Inhaled steroids for asthma is the recommended first-line treatment for patients who are uncontrolled. Inhaled steroids have led to fewer hospitalizations and deaths over the past 10-15 years.
Recent Global Initiative for Asthma guidelines, recommend in mild asthma, intermittent use of an inhaled steroid and long acting beta-2 agonist (LABA) on an as needed basis for patients in treatment step 1. Past guidelines recommended albuterol as an add needed basis for those patients. More moderate to severe patients are recommended to use an inhaled steroid on a continual basis. Many patients remain controlled taking these medications, but because of compliance issues, there are those who stop inhaled steroids.

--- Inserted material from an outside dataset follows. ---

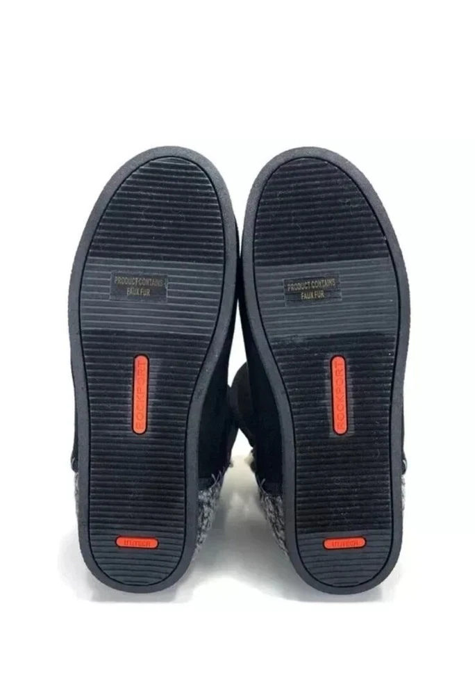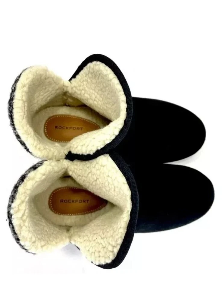 NEW Rockport Women's Slipper Boots. Absolutely adorable and oh so cozy! These are brand new, never worn. BOX NOT INCLUDED!!!! Condition: NEW (NO BOX INCLUDED) Size: 6 M (Women's) Color: Black with gray accents Fabric: Faux Fur Lined Slipper Boots with faux suede outer. Measurements: SEE PHOTOS See last photos in listing! Please see ALL photos for item specifics, details, design, condition, style, color, features, measurements, etc.!!! Zoom in on photos for better view. NO RETURNS OR REFUNDS!! Please be 100% sure of your purchase before buying. Pease review all photos carefully and ask any questions in advance. All items are sold "as is" so please be sure of your purchase (condition, size, style, etc) before bidding or buying. Please see my other listings for more great deals. Thank you for looking.

A recent study published in the Annals of Allergy, Asthma and Immunology titled “Discontinuation of inhaled corticosteroids (DISCO) in patients with controlled asthma” looked to determine the clinical outcomes of discontinuing inhaled steroids in patients with well controlled mild asthma.
They investigated the clinical outcomes of stopping inhaled steroids in patients versus patients who continued treatment. The time to loss of control was measured.
The conclusions of the study showed a significant difference in the time to loss of control between the steroid withdrawal group versus those who continued treatment. Other markers seen in those to stopped inhaled steroids were, increased fractional exhaled nitric oxide levels, sputum eosinophil counts and serum total immunoglobulin E levels.
Therefore the study suggests that the maintenance of inhaled steroids may help keep patients’ asthma under control in those with mild, well-controlled asthma, which is associated with good clinical outcomes.
Compliance with asthma medication can be difficult with patients. In practice, patients stop inhaled steroids without consulting a physician. Previous studies have shown that those who stop inhaled steroids can have mild loss of control to acute asthma exacerbations. Thus the regular use of them has been emphasized. However there are potential long term side effects such as osteoporosis, diabetes and skin thinning. So additional considerations need to be taken account for individual patients whether or not one is able to stop inhaled steroids if they are well controlled.